Search engine indexing is the process by which a search engine fetches web pages, analyses their content and signals, and stores a structured copy of them in a massive database called the index. When you type a query into Google, the engine does not crawl the web in real time — it queries this pre-built index, ranks the matching documents, and returns a list of results. Indexing is the bridge between a page existing on the web and a page being findable. Without it, your content is invisible to searchers no matter how well it is written.

The Definition: What Indexing Actually Is

Indexing in the context of search is the storage and organisation of web documents in a way that makes them retrievable for arbitrary queries in milliseconds. The technical foundation is the inverted index — a data structure that maps each unique word (or token) to the list of documents containing it, along with positional and frequency information. When you search for "blue running shoes", the engine intersects the document lists for each token, scores the candidates, and returns the top matches. None of this would scale without indexing.

The web has somewhere north of 50 billion indexed pages on Google alone. Real-time crawling for every query would be impossible — both for the engine and for every server on the internet. The index is what makes search feasible.

The Four-Stage Pipeline: Discovery to Ranking

Indexing is one stage in a longer pipeline. Understanding where it sits clarifies why some pages get indexed and others do not.

1. Discovery. Google finds out a URL exists. Sources include sitemaps you submit, internal links from already-indexed pages, external backlinks, and direct submission via the URL Inspection tool. A URL Google has never heard of cannot be crawled.

2. Crawling. Googlebot fetches the URL, respecting robots.txt and crawl-rate budgets. The output is raw HTML (and any HTTP headers). Crawling does not imply indexing — it just means the page was fetched.

3. Rendering. For pages with JavaScript, Google runs a headless Chromium instance to execute scripts and produce the final DOM. Server-rendered pages skip most of this stage. Render queues are a known bottleneck on large JS-heavy sites.

4. Indexing. Google parses the rendered HTML, extracts content, signals (canonical, hreflang, structured data), and decides whether to store the page. Pages that pass quality and uniqueness checks are added to the index. The rest are dropped or flagged.

5. Ranking. At query time, the engine retrieves matching indexed documents and orders them. Ranking only operates on indexed pages — it is downstream of everything above.

What an Index Entry Actually Contains

An indexed document is far more than a stored copy of HTML. Each entry typically contains:

The URL (canonical form, after consolidating duplicates), the parsed text content (title, headings, body, anchor text from incoming links), extracted entities (people, places, products mentioned), structured data (Schema.org markup parsed into a knowledge graph), signals about the page (language, country, freshness, mobile-friendliness, Core Web Vitals), signals about the site (overall authority, topical focus, trust), and the inverted-index tokens with positions and weights.

This is why you can search for a phrase and get an exact match — the positional inverted index records that "running shoes" appeared as adjacent tokens at offset 47 of the body. It is also why Google can answer "who is the CEO of Anthropic?" without you typing the company name into the URL — the entity extraction layer linked the page to the relevant entities at index time.

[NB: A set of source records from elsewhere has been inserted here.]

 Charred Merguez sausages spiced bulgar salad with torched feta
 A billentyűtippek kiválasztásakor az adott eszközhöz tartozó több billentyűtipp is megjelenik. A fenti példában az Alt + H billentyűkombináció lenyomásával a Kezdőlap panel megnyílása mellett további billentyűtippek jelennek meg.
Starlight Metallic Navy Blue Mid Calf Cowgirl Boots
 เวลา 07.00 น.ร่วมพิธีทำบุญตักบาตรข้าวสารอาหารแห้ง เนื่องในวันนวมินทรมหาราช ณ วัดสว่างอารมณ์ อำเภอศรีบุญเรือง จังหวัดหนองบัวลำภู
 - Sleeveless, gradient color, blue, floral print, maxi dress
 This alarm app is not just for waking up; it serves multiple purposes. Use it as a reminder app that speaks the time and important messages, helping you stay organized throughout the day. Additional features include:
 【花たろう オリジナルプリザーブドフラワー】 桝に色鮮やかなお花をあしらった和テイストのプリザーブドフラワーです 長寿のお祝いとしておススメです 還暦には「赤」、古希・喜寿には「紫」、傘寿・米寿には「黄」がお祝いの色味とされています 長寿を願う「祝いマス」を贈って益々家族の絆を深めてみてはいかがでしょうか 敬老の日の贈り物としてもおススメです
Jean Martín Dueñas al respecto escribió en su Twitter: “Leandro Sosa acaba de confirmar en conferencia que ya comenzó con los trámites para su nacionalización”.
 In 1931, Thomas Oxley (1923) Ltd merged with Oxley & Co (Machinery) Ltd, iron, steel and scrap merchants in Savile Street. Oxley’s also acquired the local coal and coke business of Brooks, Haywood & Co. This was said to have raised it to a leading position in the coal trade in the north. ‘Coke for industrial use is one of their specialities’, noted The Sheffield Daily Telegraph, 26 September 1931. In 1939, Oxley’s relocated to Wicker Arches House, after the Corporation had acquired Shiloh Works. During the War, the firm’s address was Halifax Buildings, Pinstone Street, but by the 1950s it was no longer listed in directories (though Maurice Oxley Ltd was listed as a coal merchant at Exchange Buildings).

Crawled vs Indexed: The Critical Distinction

This is the most misunderstood concept in technical SEO. Crawling and indexing are separate stages, and a page can be crawled hundreds of times without ever being indexed. In Google Search Console, the status "Crawled — currently not indexed" explicitly reports this state.

Reasons a crawled page may not be indexed:

Low quality. Thin content, duplicated boilerplate, or pages that exist mainly for SEO with no clear user value. Google's quality systems explicitly drop these.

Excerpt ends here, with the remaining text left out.